Conventional wisdom would say that more bandwidth is actually a good thing for VoIP. But that is not the case when it comes to ADSL2+, according to this article in the CommsBusiness. The article explains that in classic ADSL scenario when a file is being transfered […]

Conventional wisdom would say that more bandwidth is actually a good thing for VoIP. But that is not the case when it comes to ADSL2+, according to this article in the CommsBusiness. The article explains that in classic ADSL scenario when a file is being transfered or a VoIP connection is made, the bandwidth allocated to that connection remains constant, till say the transfer of files is complete or say the call is finished.

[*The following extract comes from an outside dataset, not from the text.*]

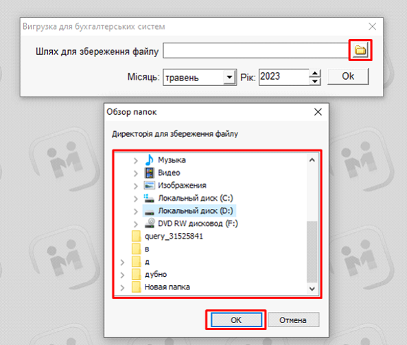 3. Натиснути кнопку «папка», та вибрати у яку папку потрібно вивантажити сформований файл:

From what I understand it is like having a dedicated port and every subscriber gets a certain amount of bandwidth. In the case of ADSL2+, subscribers share the bandwidth at the local exchange level, and the bandwidth allocation is more dynamic. Carriers like ADSL2+, as it allows them to over provision, though it is not such a good deal for DSL subscribers. (I am sure some of you might have a more eloquent description of how this technology works.)

“This new technology uses a rate adaption policy which effectively means it can (and does) steal bandwidth dynamically from subscribers as and when required. We have seen upstream capacity decrease to lower than 57k in peak working hours which is simply not viable for a VoIP application. Period.” Scott Dobson, Managing Director of Newbury Based distributor Vcomm.

  1. Sorry, this is utterly and completely wrong. ADSL2+ is just ADSL with higher frequency bins in use (so top speed goes from 8mbit -> 24mbit and upstream from ~800k -> 3mbit).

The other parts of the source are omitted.